United Nations Assistance Mission for Rwanda
- Abbreviation: UNAMIR
- Formation: 5 October 1993
- Type: Peacekeeping mission
- Legal status: Completed
- Head of Mission: Jacques-Roger Booh-Booh (October 1993 – July 1994) Shahryar Khan (July 1994 – March 1996)
- Force Commander: Roméo Dallaire (October 1993 – September 1994) Guy Tousignant (September 1994 – December 1994) Shiva Kumar (December 1994 – March 1996)
- Parent organization: United Nations Security Council

= United Nations Assistance Mission for Rwanda =

1993 peacekeeping mission

The United Nations Assistance Mission for Rwanda (UNAMIR) was established by United Nations Security Council Resolution 872 on 5 October 1993. It was intended to assist in the implementation of the Arusha Accords, signed on 4 August 1993, which was meant to end the Rwandan Civil War. The mission lasted from October 1993 to March 1996. Its activities were meant to aid the peace process between the Hutu-dominated Rwandese government and the Tutsi-dominated rebel Rwandan Patriotic Front (RPF). The UNAMIR has received much attention for its role in failing, due to the limitations of its rules of engagement, to prevent the Rwandan genocide and outbreak of fighting. Its mandate extended past the RPF overthrow of the government and into the Great Lakes refugee crisis. The mission is thus regarded as a major failure.

== Background ==
In October 1990 the Rwandan Civil War began when the Rwandan Patriotic Front rebel group invaded across Uganda's southern border into northern Rwanda. The RPF was composed of over 4,000 soldiers, mostly the children of Tutsi refugees who had fled anti-Tutsi purges in Rwanda between 1959 and 1963. It portrayed itself as a democratic, multi-ethnic movement and demanded an end to ethnic discrimination, to economic looting of the country by government elites and a stop to the security situation that continued to generate refugees. It was supported by the Ugandan government of Yoweri Museveni, who had come to power in the Ugandan Bush War with significant support from the Rwandan refugees in the country. However, the Rwandan Armed Forces (FAR) was saved by reinforcements from France and Zaire, who backed the government of Rwandan President Juvénal Habyarimana, who had been in power since 1973.
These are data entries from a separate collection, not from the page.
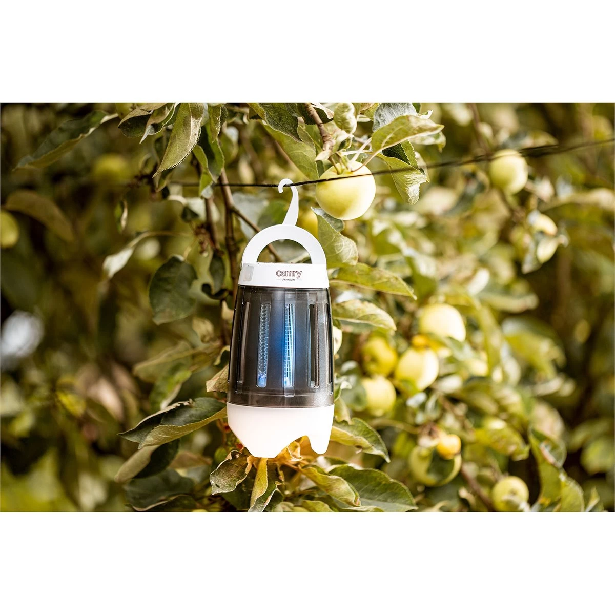 Disfruta de una velada perfecta en tu terraza, jardín o en tus vacaciones en camping sin miedo a las molestas picaduras de mosquito o de otros insectos voladores. La lámpara anti mosquitos CR 7935 atrae con luz ultravioleta a todo tipo de insectos y los electrocuta con alto voltaje, es segura para los humanos ya que funciona sin necesidad de productos químicos y no emite sustancias nocivas, su radio de acción es de 40 m2. Además cuenta con una luz LED de uso independiente para alumbrar mientras te protege y disfrutas del aire libre. La lámpara es recargable, su batería de 2000 mAh ofrece un tiempo de trabajo de 10-16 horas dependiendo del número de descargas eléctricas, tiene un gancho para colgarla fácilmente donde necesites.
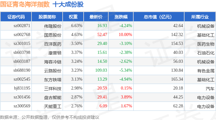 国证青岛海洋(980532)指数十大成份股详情如下:
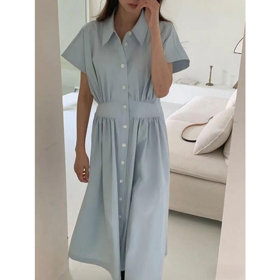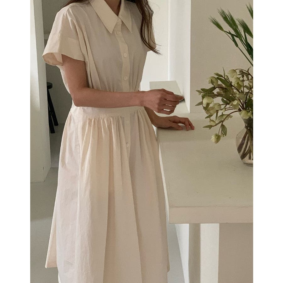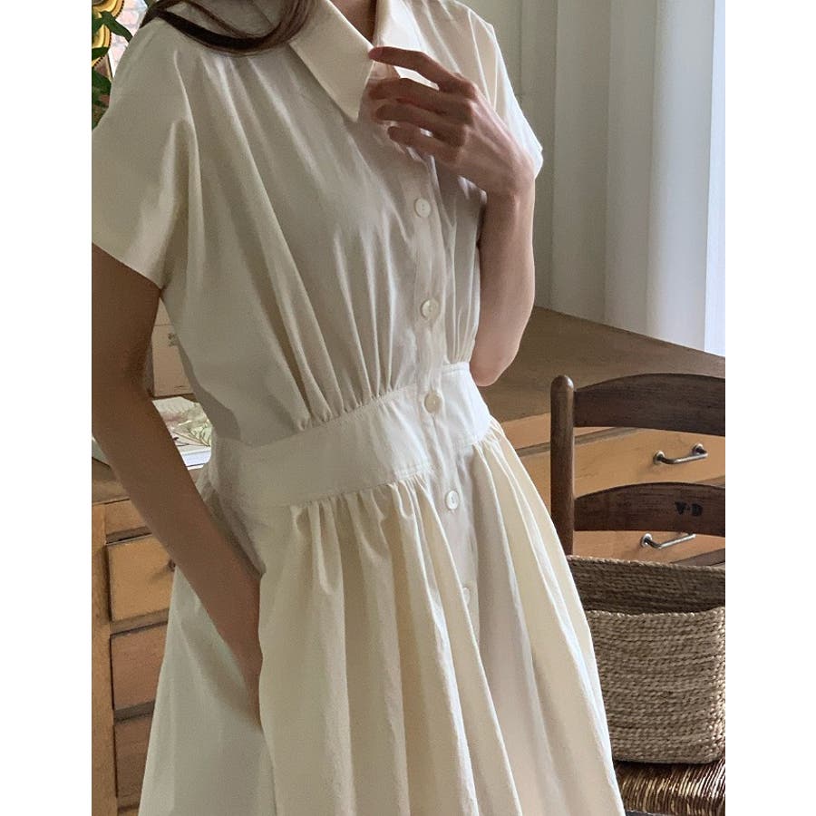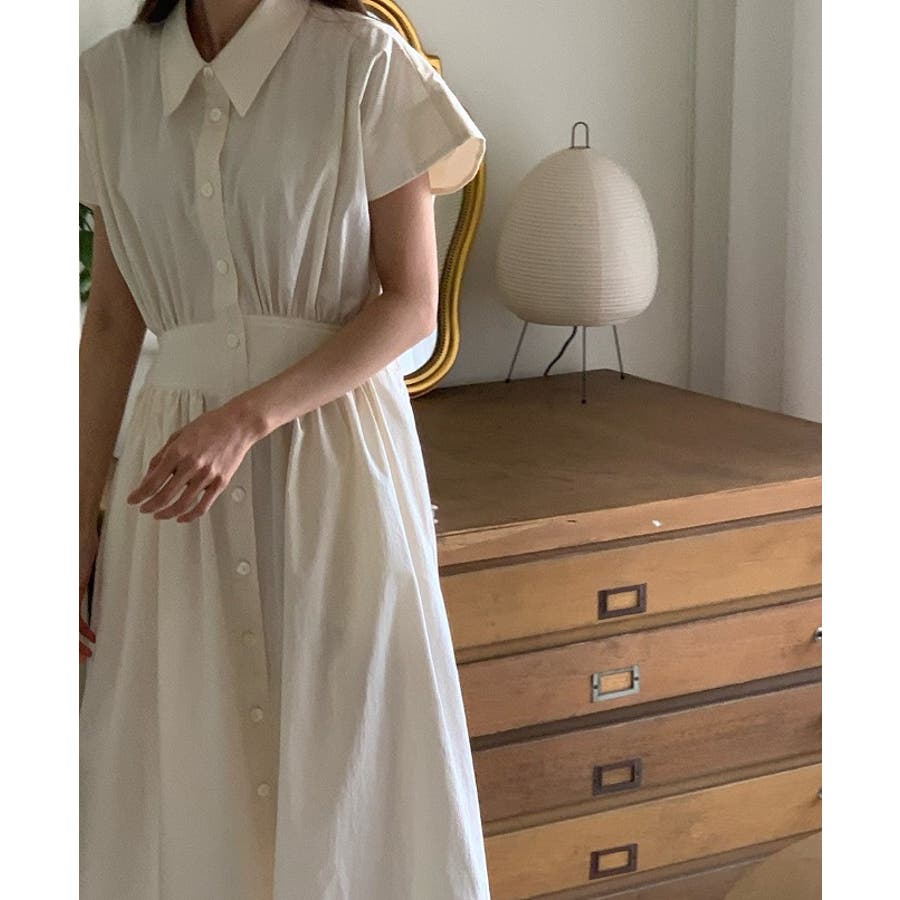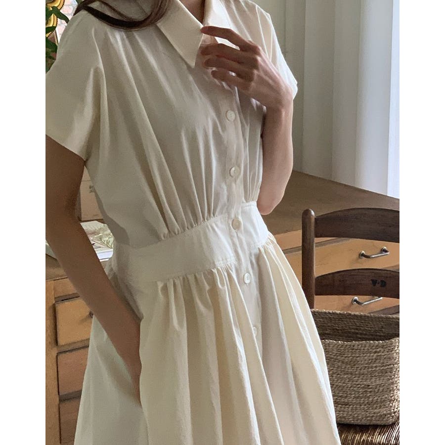 ポケット半袖襟付きシャツワンピース
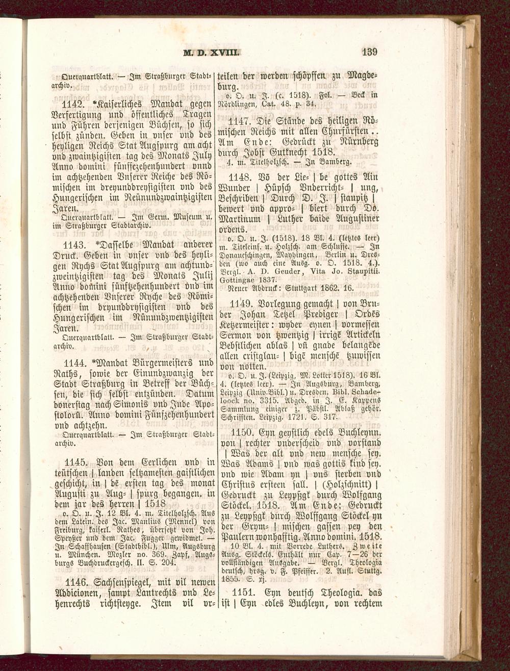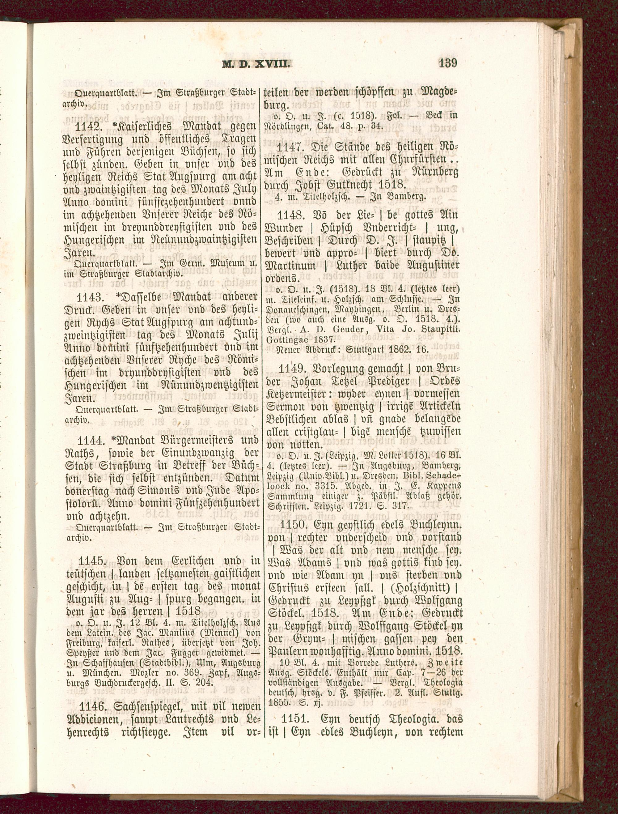 1144. "Mandat Bürgermeisters undRaths, sowie der Einundzwanzig derStadt Straßburg in Betreff der Büch-sen, die sich selbst entzünden. Datumdonerstag uach Simouis vnd Jude Apo-stolorü. Anno domini Fünfzeheuhundertvnd achtzehn.
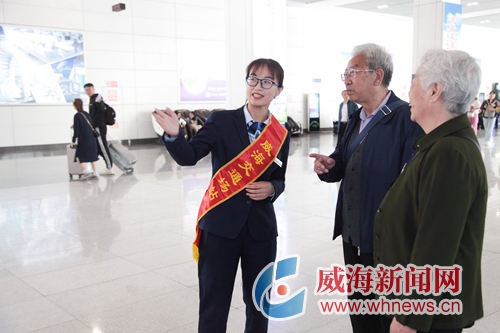 城鐵站工作人員在疏導車輛。 圖片由威海日報記者攝
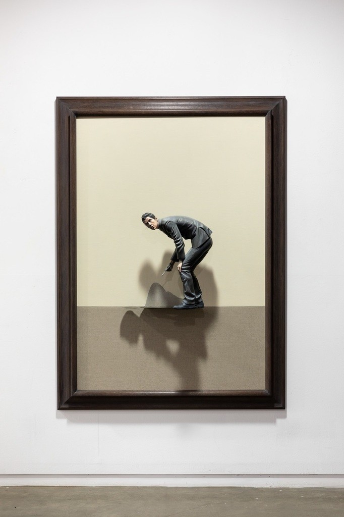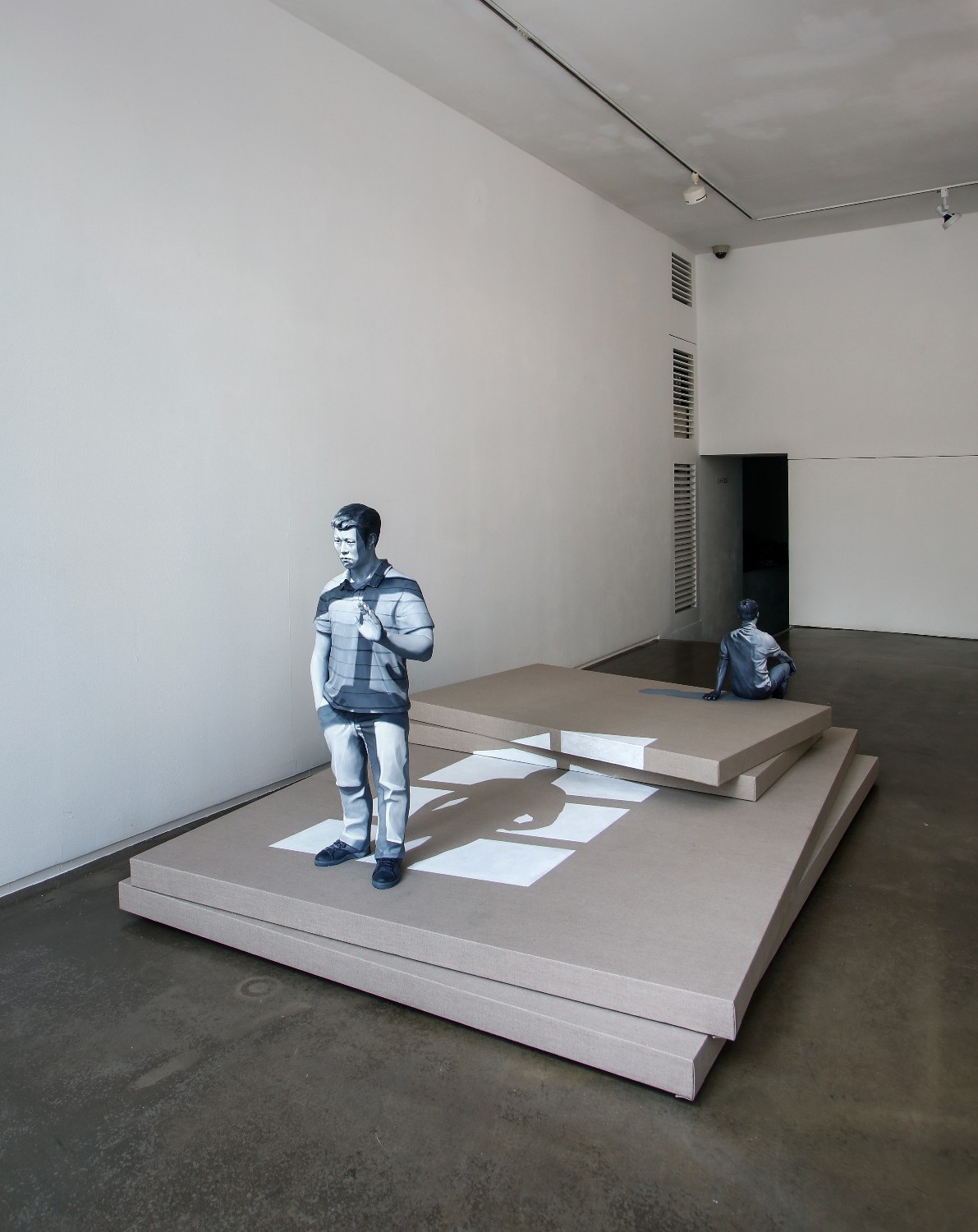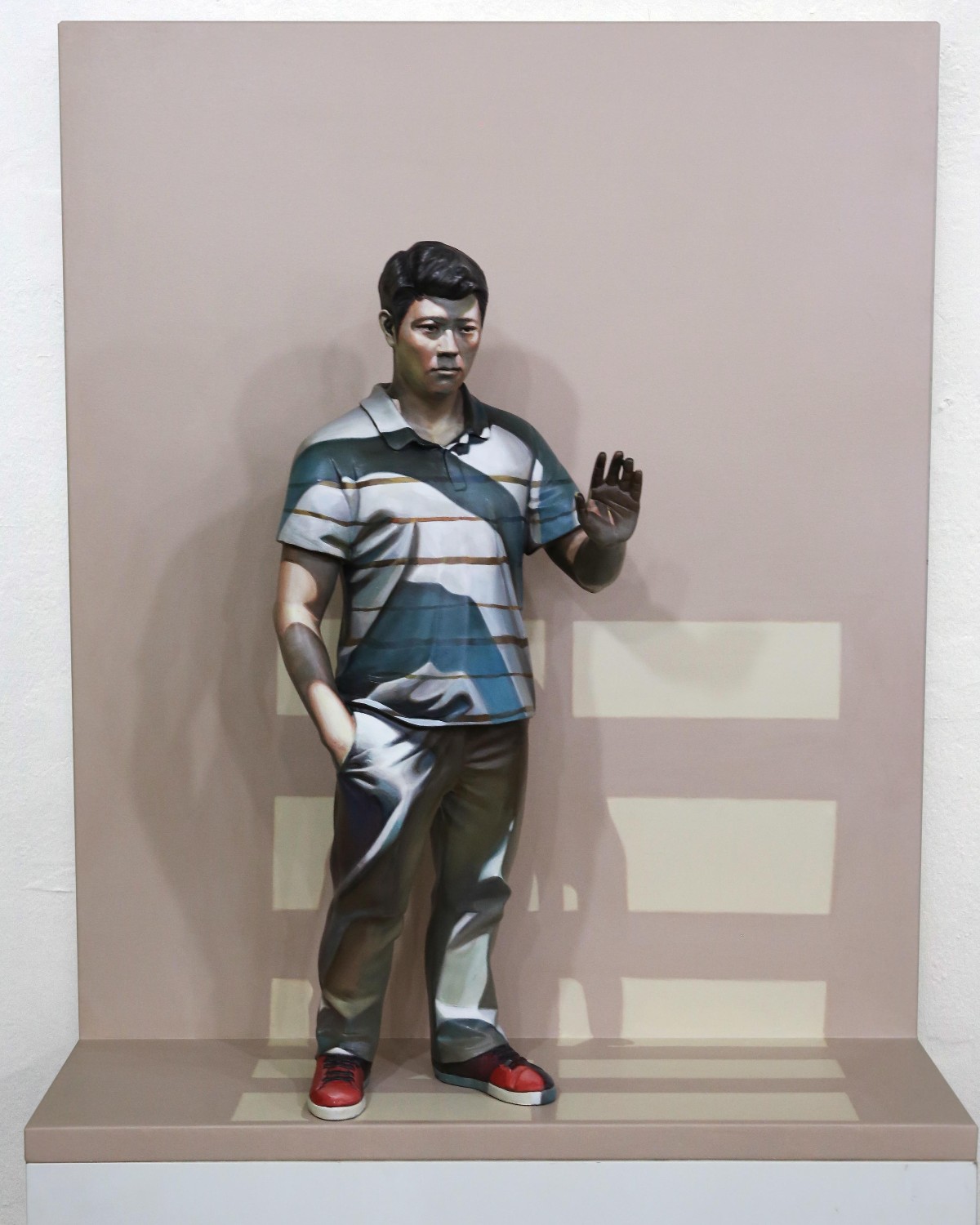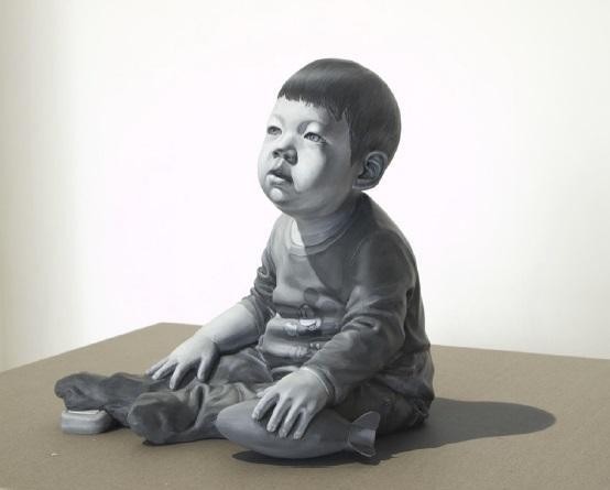 My work is an attempt to capture an instant moment of the moment [刹那, chalna]; especially those moments of enlightenment imbued in my memory. In my work, I tried to embody the imprinted moments formed with psychological altitude, emotional element, a new discovery or an opposing element of experienced. And to have the temporal concept of the “present” in which the circumstances occurred expressed as an artwork, the contrast and coloration extracted from the “present” were transferred on the sculpture of human body. The work has colored contrast with strong shading. Because I believe a shadow of any shape can represent a moment of the time. For example, in a sundial, a shadow points to a single number, and I looked more focused on the shape of the shadow rather than on the number. If we had such an ability to distinguish a shape from similar shapes of shadows to the other, we would have been able to suppose a time by looking at the shape of the shadow I wanted the audience to sympathize and reach the scenes of my memories and to share by looking through the "sculpture of the human body” - it should not be stereoscopically formed but similar and a collection of images - from a circumstance. A scene in memory could be seen in black and white or in color, it is also like a touchable object yet just a plane image. In fact, I do not know clearly. I assume my work process is an act of tracing the memory. I’ve done works in black and white and color, and I’ve also done placing it on the floor or work platform and installed on the wall. Some parts of the work exist as sculpture objects, and they also exist as images. For example, some wrinkles of clothes were carved, when some others were depicted by brush touches.
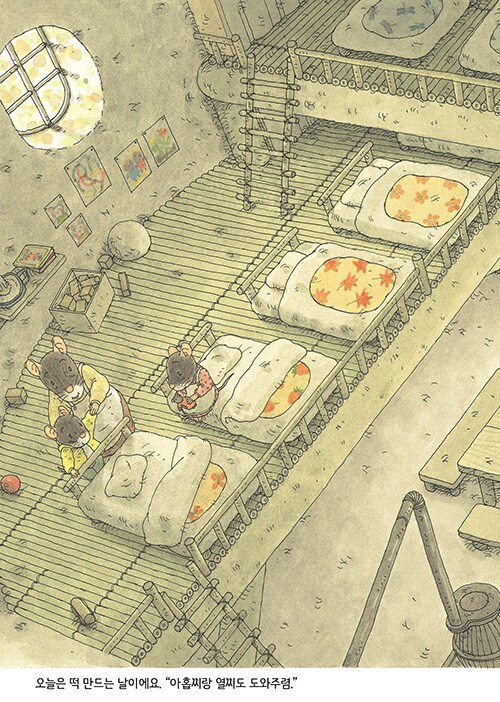 떡을 만들려면 많은 도움과 부지런함이 필수다. 귀여운 생쥐 가족들은 어떻게 떡을 만들까?
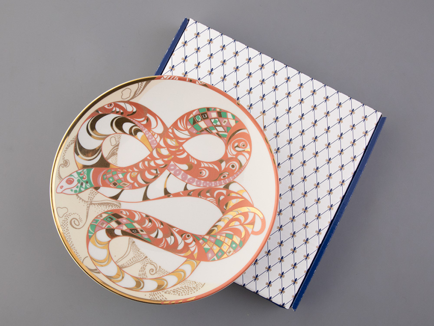 Рисунок на декоративной тарелке художник Нина Троицкая посвящает экзотическому змею, который во многих культурах символизирует мудрость, плодородие и новую жизнь. Декоративная тарелка станет замечательным украшением интерьера, подарком для близких и всех ценителей искусства. Тарелку можно расположить как на горизонтальной поверхности, так и на стене (для крепления на обороте тарелки предусмотрены отверстия).
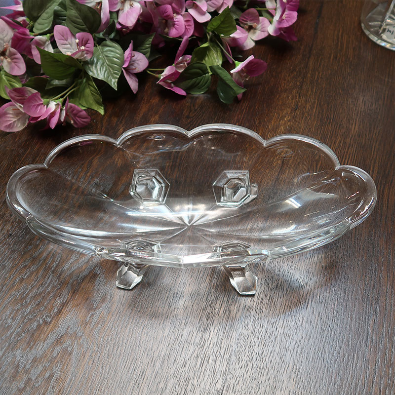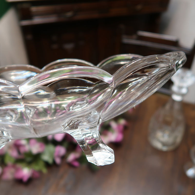 イギリスより直輸入したアンティークガラスのオーバル型脚付きボウル・コンポート(大)
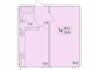 Однокомнатная квартира на продажу, 40.7 м2

The French intervention of two parachute companies, explained as an attempt to protect its own nationals, actually blocked the RPF advance on the capital Kigali. In contrast, the government of Belgium, the former colonial power, cut all support to the Habyarimana regime, which viewed the action as abandonment. Thwarted by the French, the RPF suffered a humiliating retreat back into the Virunga Mountains along the border. After the demoralising death of Major-General Fred Rwigyema, the collapse of the RPF was prevented through the leadership of Paul Kagame.

The RPF thus managed to retain control of a sliver of land in the north, from which it continued to launch raids. Comparing the RPF and FAR as he saw them in 1993, Canadian Lieutenant-General Roméo Dallaire noted that the rebels "had won all recent contests because of their superior leadership, training, experience, frugality, mobility, discipline and morale."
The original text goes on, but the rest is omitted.